3. Proper due diligence is important. Due diligence is the research that you do into the business. Many buyers look at the business’ financials and its operation, make their offer and then call it a day. However, that pre-deal due diligence is just the beginning. Skeletons can be hiding in various places, many of which you won’t have access to until after an LOI has been signed. As the buyer you don’t want surprises, so the more you know about the business before getting the keys the better. You also can’t just rely on the statements from the seller without doing your own research. The time and cost to fix a problem later will far outweigh the time and cost of conducting proper due diligence.

4. You as the buyer can be held responsible for certain liabilities of the seller. Even if you are just buying the assets of the business and are expressly not taking its liabilities, you can still end up on the hook for certain liabilities. If the seller has outstanding employee withholding or sales tax, or unresolved unemployment or workers’ comp issues, for instance, these can be imputed to you as the buyer. Proper due diligence will find potential issues like these so you can have the seller resolve them before the closing.
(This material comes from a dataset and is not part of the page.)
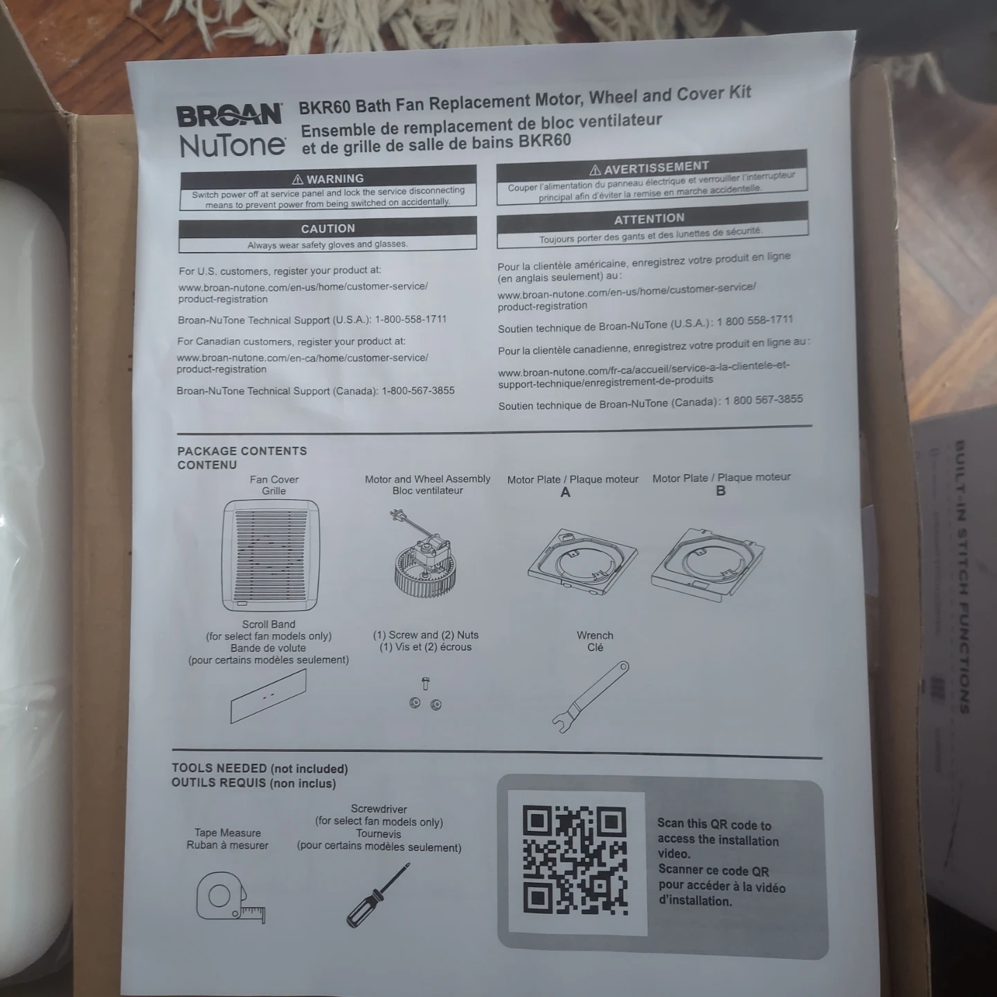 Selling a new Broan NuTone BKR60 bath fan replacement cover and motor kit! This kit is designed for a 10-minute easy install and is up to 50% quieter with up to 20% more power. The box includes the fan cover, motor and wheel assembly, motor plate A, and motor plate B. It also includes a scroll band (for select fan models only), screw(s) and nut(s), and a wrench. PICK UP ONLY @ ST Francis church...Greenlawn N.Y.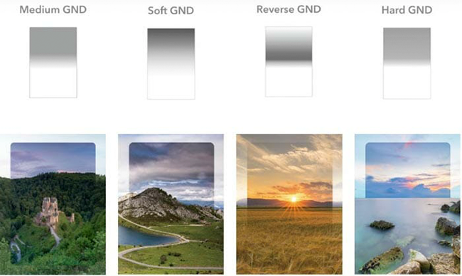 Infine i filtri GND si dividono in "Hard", "Soft", “Medium” e “Reverse” a seconda della morbidezza e della gradualità della sfumatura.

5. Despite everyone’s best efforts, the transaction will take longer than you think. Deals take time. Putting together and negotiating all the necessary documents takes time. Proper due diligence takes time. Obtaining funding takes time. Remember, you are dealing with other people and third parties like banks, and they all have their own timeframes for doing things. I usually tell my clients that it will probably take twice as long to close the deal as they think or as was agreed to in the LOI. It might take less time, but nobody is upset when the deal gets closed early.